Bis zum Jahr 2002 erhielten die Helmholtz-Zentren individuelle Jahresbudgets durch die Zuwendungsgeber. Mit Einführung der programmorientierten Förderung ab dem Jahr 2003 werden die Mittel künftig auf der Grundlage von längerfristig angelegten Forschungsprogrammen verteilt. Im Rahmen von insgesamt sechs thematisch orientierten HGF-Forschungsbereichen erarbeiten die Wissenschaftler in den Helmholtz-Zentren und in Kooperation über die Zentrengrenzen hinweg eigenverantwortlich Programmbeiträge, mit denen sie sich dem Wettbewerb um Ressourcen stellen. In einem abgestuften Evaluationsverfahren bewertet der Helmholtz-Senat mit Hilfe externer Experten aus dem In- und Ausland diese Programme und formuliert Förderempfehlungen an die Zuwendungsgeber. Auf der Grundlage dieser Empfehlungen erhalten die Helmholtz-Zentren für ihre positiv bewerteten Programmbeiträge die notwendigen Ressourcen. Der Präsident, unterstützt von der Helmholtz-Geschäftsstelle, managt den Evaluationsprozess, bereitet die Entscheidungen des Senats vor und setzt sie um. Das Gesamtbudget eines Forschungszentrums setzt sich schließlich aus der Summe seiner Programmbeiträge zu den sechs HGF-Forschungsbereichen zusammen. Die Begutachtungen werden im Abstand von fünf Jahren durchgeführt, so dass die Förderentscheidungen jeweils für eine 5-Jahres-Periode Wirkung haben. In einem zeitversetzten Verfahren werden jeweils zwei HGF-Forschungsbereiche in einem Jahr evaluiert.

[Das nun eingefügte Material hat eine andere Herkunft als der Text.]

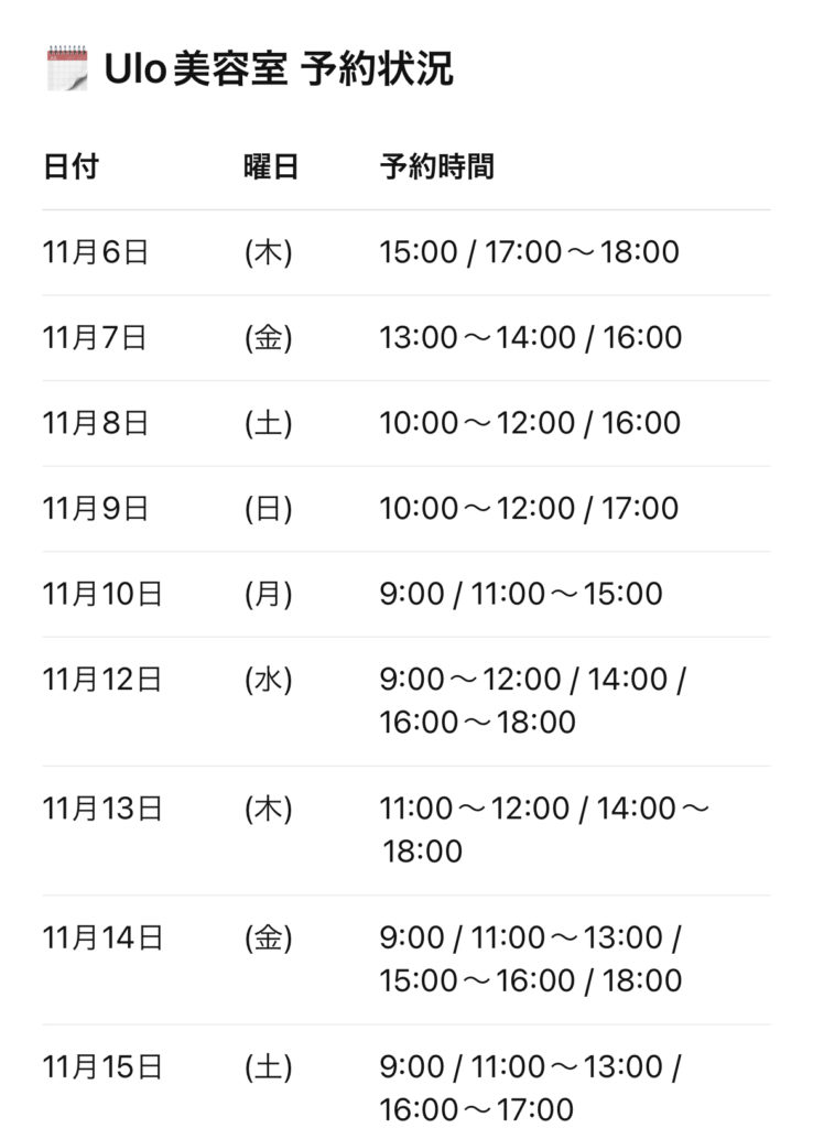🗓 Ulo美容室 予約状況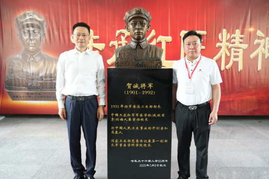 开幕式后,举行贺诚将军铜像揭幕仪式。季勇校长与贺杰主任共同为铜像揭幕。此铜像由学校第16期校友在其入学60周年之际捐赠,真情实感地体现了他们对母校的深厚情谊。
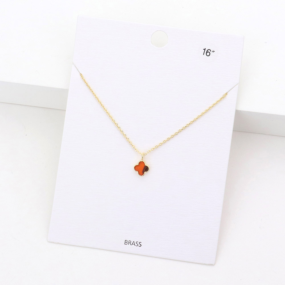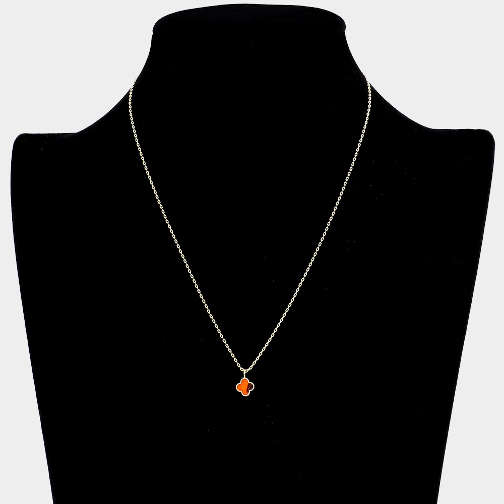 Enamel Rhinestone Embellished Quatrefoil Pendant Triple Layered Necklace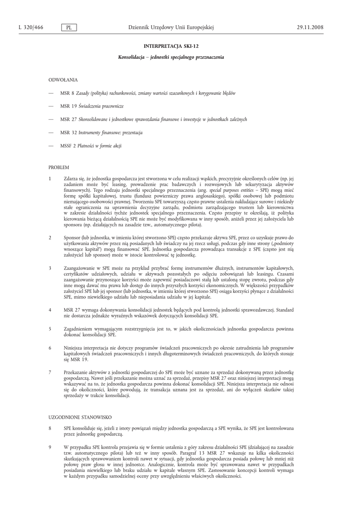 L 320/466 Dziennik Urzędowy Unii Europejskiej PL INTERPRETACJA SKI-12 Konsolidacja – jednostki specjalnego przeznaczenia ODWOŁANIA — MSR 8 Zasady (polityka) rachunkowości, zmiany wartości szacunkowych i korygowanie błędów — MSR 19 Świadczenia pracownicze — MSR 27 Skonsolidowane i jednostkowe sprawozdania finansowe i inwestycje w jednostkach zależnych — MSR 32 Instrumenty finansowe: prezentacja — MSSF 2 Płatności w formie akcji PROBLEM 1 Zdarza się, że jednostka gospodarcza jest stworzona w celu realizacji wąskich, precyzyjnie określonych celów (np. jej zadaniem może być leasing, prowadzenie prac badawczych i rozwojowych lub sekurytyzacja aktywów finansowych). Tego rodzaju jednostki specjalnego przeznaczenia (ang. special purposes entities – SPE) mogą mieć formę spółki kapitałowej, trustu (fundusz powierniczy prawa anglosaskiego), spółki osobowej lub podmiotu niemającego osobowości prawnej. Tworzeniu SPE towarzyszą często prawne ustalenia nakładające surowe i niekiedy stałe ograniczenia na uprawnienia decyzyjne zarządu, podmiotu zarządzającego trustem lub kierownictwa w zakresie działalności tychże jednostek specjalnego przeznaczenia. Często przepisy te określają, iż polityka kierowania bieżącą działalnością SPE nie może być modyfikowana w inny sposób, aniżeli przez jej założyciela lub sponsora (np. działających na zasadzie tzw., automatycznego pilota). 2 Sponsor (lub jednostka, w imieniu której stworzono SPE) często przekazuje aktywa SPE, przez co uzyskuje prawo do użytkowania aktywów przez nią posiadanych lub świadczy na jej rzecz usługi, podczas gdy inne strony („podmioty wnoszące kapitał”) mogą finansować SPE. Jednostka gospodarcza prowadząca transakcje z SPE (często jest nią założyciel lub sponsor) może w istocie kontrolować tę jednostkę. 3 Zaangażowanie w SPE może na przykład przybrać formę instrumentów dłużnych, instrumentów kapitałowych, certyfikatów udziałowych, udziału w aktywach pozostałych po odjęciu zobowiązań lub leasingu. Czasami zaangażowanie przynoszące korzyści może zapewnić posiadaczowi stałą lub ustaloną stopę zwrotu, podczas gdy inne mogą dawać mu prawa lub dostęp do innych przyszłych korzyści ekonomicznych. W większości przypadków założyciel SPE lub jej sponsor (lub jednostka, w imieniu której stworzono SPE) osiąga korzyści płynące z działalności SPE, mimo niewielkiego udziału lub nieposiadania udziału w jej kapitale. 4 MSR 27 wymaga dokonywania konsolidacji jednostek będących pod kontrolą jednostki sprawozdawczej. Standard nie dostarcza jednakże wyraźnych wskazówek dotyczących konsolidacji SPE. 5 Zagadnieniem wymagającym rozstrzygnięcia jest to, w jakich okolicznościach jednostka gospodarcza powinna dokonać konsolidacji SPE. 6 Niniejsza interpretacja nie dotyczy programów świadczeń pracowniczych po okresie zatrudnienia lub programów kapitałowych świadczeń pracowniczych i innych długoterminowych świadczeń pracowniczych, do których stosuje się MSR 19. 7 Przekazanie aktywów z jednostki gospodarczej do SPE może być uznane za sprzedaż dokonywaną przez jednostkę gospodarczą. Nawet jeśli przekazanie można uznać za sprzedaż, przepisy MSR 27 oraz niniejszej interpretacji mogą wskazywać na to, że jednostka gospodarcza powinna dokonać konsolidacji SPE. Niniejsza interpretacja nie odnosi się do okoliczności, które powodują, że transakcja uznana jest za sprzedaż, ani do wyłączeń skutków takiej sprzedaży w trakcie konsolidacji. UZGODNIONE STANOWISKO 8 SPE konsoliduje się, jeżeli z istoty powiązań między jednostka gospodarczą a SPE wynika, że SPE jest kontrolowana przez jednostkę gospodarczą. 9 W przypadku SPE kontrola przejawia się w formie ustalenia z góry zakresu działalności SPE (działającej na zasadzie tzw. automatycznego pilota) lub też w inny sposób. Paragraf 13 MSR 27 wskazuje na kilka okoliczności skutkujących sprawowaniem kontroli nawet w sytuacji, gdy jednostka gospodarcza posiada połowę lub mniej niż połowę praw głosu w innej jednostce. Analogicznie, kontrola może być sprawowana nawet w przypadkach posiadania niewielkiego lub braku udziału w kapitale własnym SPE. Zastosowanie koncepcji kontroli wymaga w każdym przypadku samodzielnej oceny przy uwzględnieniu właściwych okoliczności. 29.11.2008 29.11.2008 Dziennik Urzędowy Unii Europejskiej PL 10 11 Na sprawowanie przez jednostkę gospodarczą kontroli w SPE, a zatem na konieczność konsolidacji SPE, poza okolicznościami, jakie zostały opisane w paragrafie 13 MSR 27, mogą na przykład wskazywać następujące okoliczności (dalsze wytyczne znajdują się w załączniku do niniejszej interpretacji): a) SPE prowadzi w istocie działalność w imieniu jednostki gospodarczej zgodną z jej potrzebami gospodarczymi, z tytułu których jednostka gospodarcza uzyskuje korzyści; b) jednostka gospodarcza posiada w istocie uprawnienia decyzyjne do uzyskiwania większości korzyści z działalności SPE lub jednostka gospodarcza przekazała te uprawnienia decyzyjne poprzez ustalenie mechanizmu „automatycznego pilota”; c) jednostka gospodarcza posiada w istocie prawo do uzyskiwania większości korzyści z SPE, a zatem jest narażona na ryzyko związane z działalnością prowadzoną przez SPE; lub d) jednostka gospodarcza ponosi w istocie większą część ryzyka związanego z posiadaniem SPE lub z posiadaniem jej aktywów, mającego na celu uzyskanie większości korzyści z jej działalności. [Usunięty] DATA UZGODNIENIA STANOWISKA Czerwiec 1998 r. DATA WEJŚCIA W ŻYCIE Niniejszą interpretację stosuje się do rocznych okresów obrotowych rozpoczynających się dnia 1 lipca 1999 r. i później. Zaleca się wcześniejsze stosowanie interpretacji. Zmiany zasad (polityki) rachunkowości stosuje się zgodnie z przepisami MSR 8. Jednostka stosuje zmianę w paragrafie 6 w odniesieniu do rocznych okresów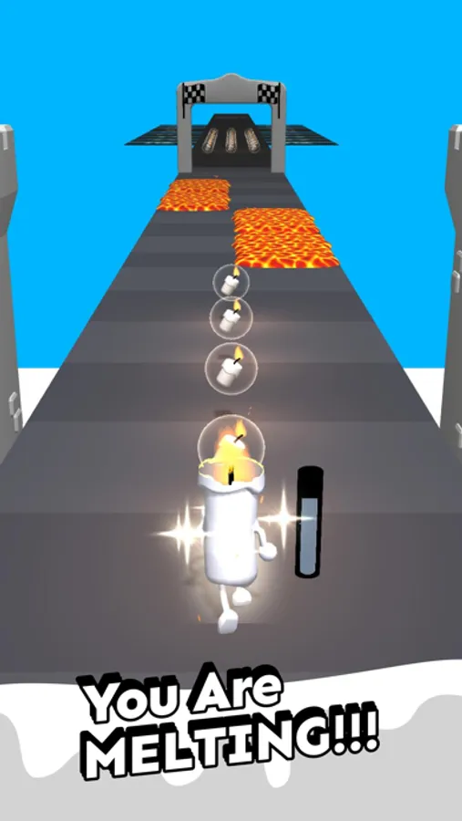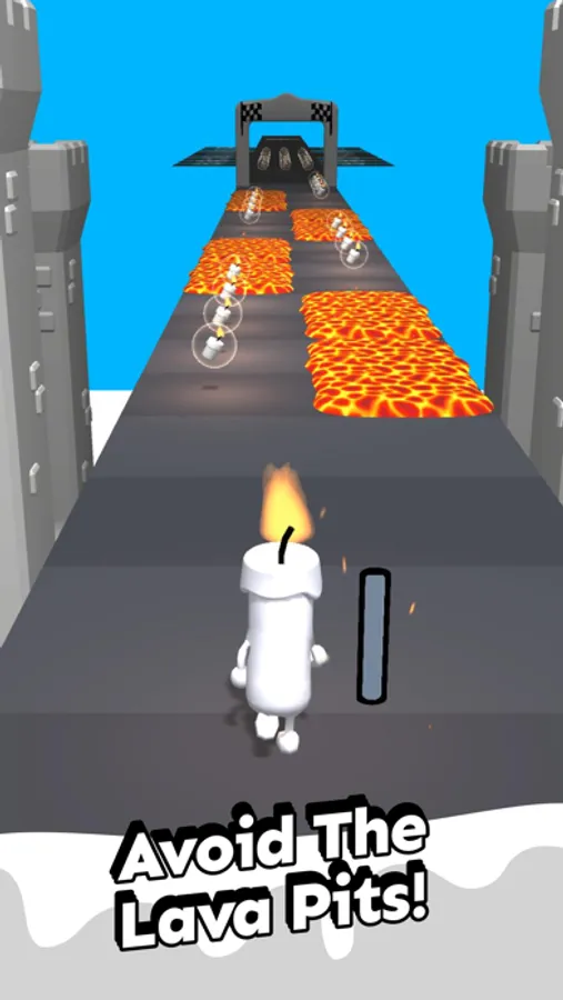 Beware your total MELTDOWN!!! Avoid the lava pits and collect as much wax as you can to grow taller, it’s a race against time and lava, run in fun levels and get your high score even higher each time, how far can you get?! Will you get melted?! That’s up to you, have fun!
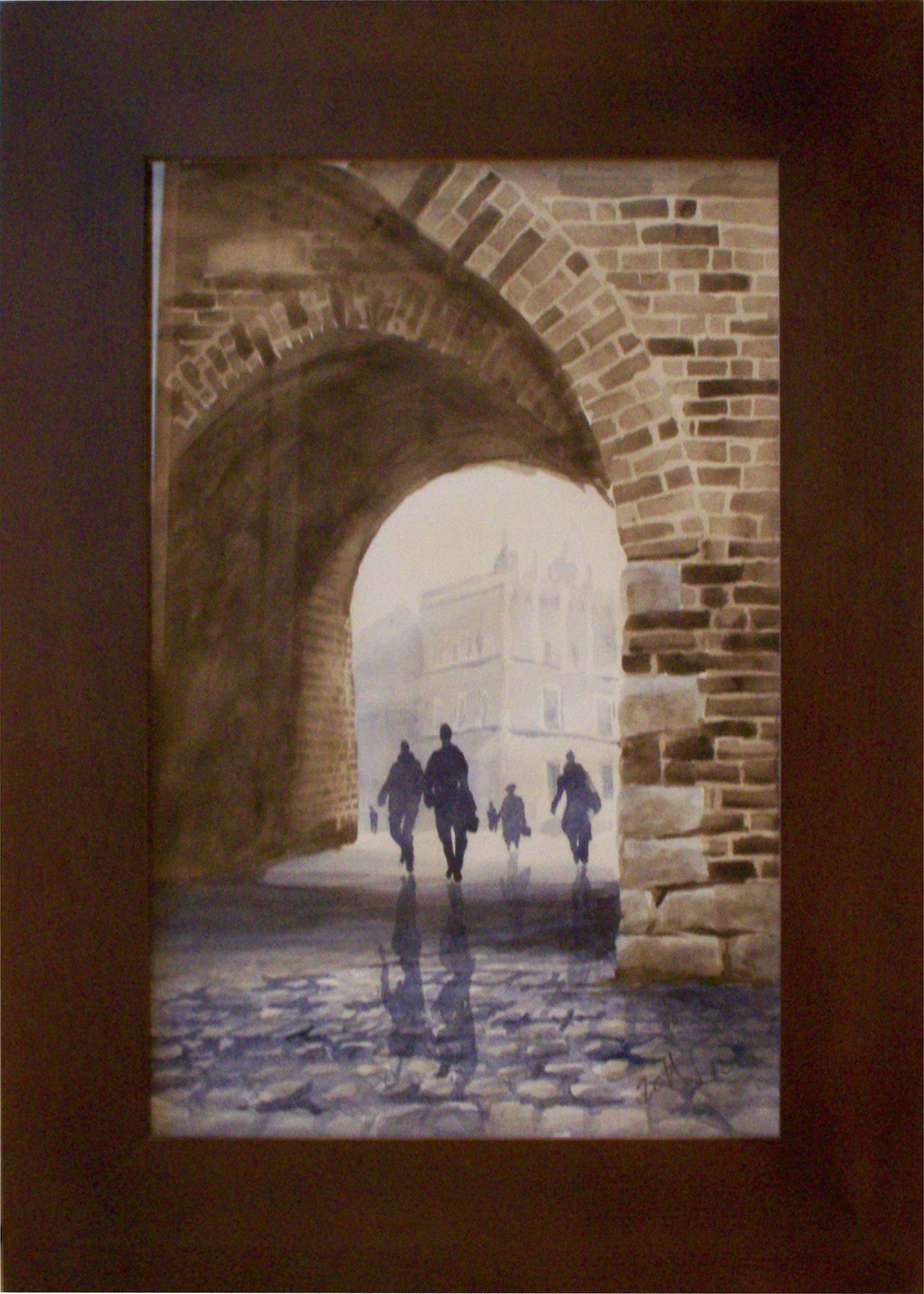 Akwarela dwubarwna na papierze D&R. Obraz pochodzi z wystawy "Spacer I - Stare Miasto". Przedstawia widok na Bramę Krakowską w Lublinie od strony Krakowskiego Przedmieścia.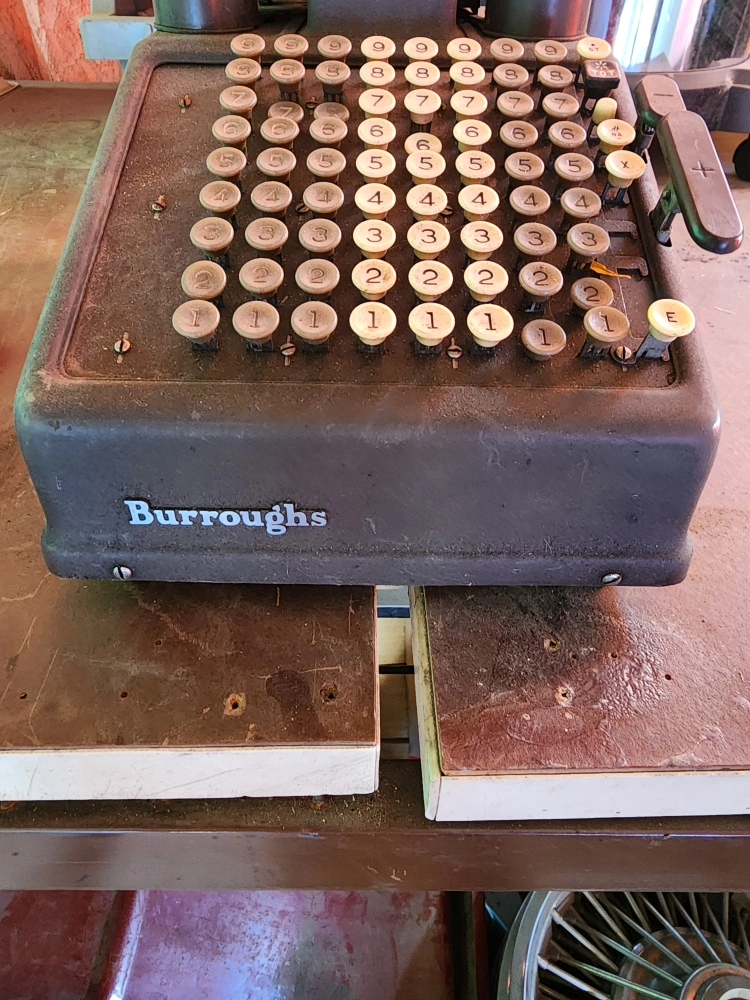 Selling a vintage Burroughs adding machine. It shows signs of wear and age, but it is still a unique piece. Great for collectors or as a decorative item no cord. open to offers.

Begutachtung der Programme und Finanzierungskonsequenzen

Im Sinne von Globalsteuerung formulieren die Zuwendungsgeber im Zusammenwirken mit den Helmholtz-Zentren forschungspolitische Vorgaben für die Programme der sechs HGF-Forschungsbereiche: Energie, Erde und Umwelt, Gesundheit, Schlüsseltechnologien, Struktur der Materie, Verkehr und Raumfahrt: die Forschungsbereiche sind in Programme und Programmthemen weiter untergliedert. Die forschungspolitischen Vorgaben umreißen Aufgabenschwerpunkte und den Finanzkorridor für die jeweilige Planperiode. Vor diesem Hintergrund finden die Begutachtungsverfahren statt, die am Ende in konkrete Finanzierungsentscheidungen münden. Auf der Grundlage von strategisch ausgerichteten Programmproposals und einer zweitägigen Gutachtersitzung mit Diskussion der beteiligten Wissenschaftler wird eine inhaltlich begründete und benotete Gutachterempfehlung abgegeben. Zentrale Kriterien sind die wissenschaftliche Qualität, die strategische Relevanz und die effiziente Durchführung. Die Gesamtheit der begutachteten Programme wird schließlich im Senatsausschuss für die Begutachtung weiter beraten und mit einer Förderempfehlung in den Senat eingebracht. Der Helmholtz-Senat schließlich gibt eine abschließende Förderempfehlung zur Durchführung der positiv bewerteten Programme ab. Auf Ebene des Ausschusses der Zuwendungsgeber wird diese Förderempfehlung schließlich in eine Finanzierungsentscheidung für die Programme und die beteiligten Helmholtz-Zentren für die Begutachtungsperiode von fünf Jahren umgesetzt. Das Ergebnis fließt dann programmbezogen in die jährlichen Wirtschaftspläne der Helmholtz-Zentren ein.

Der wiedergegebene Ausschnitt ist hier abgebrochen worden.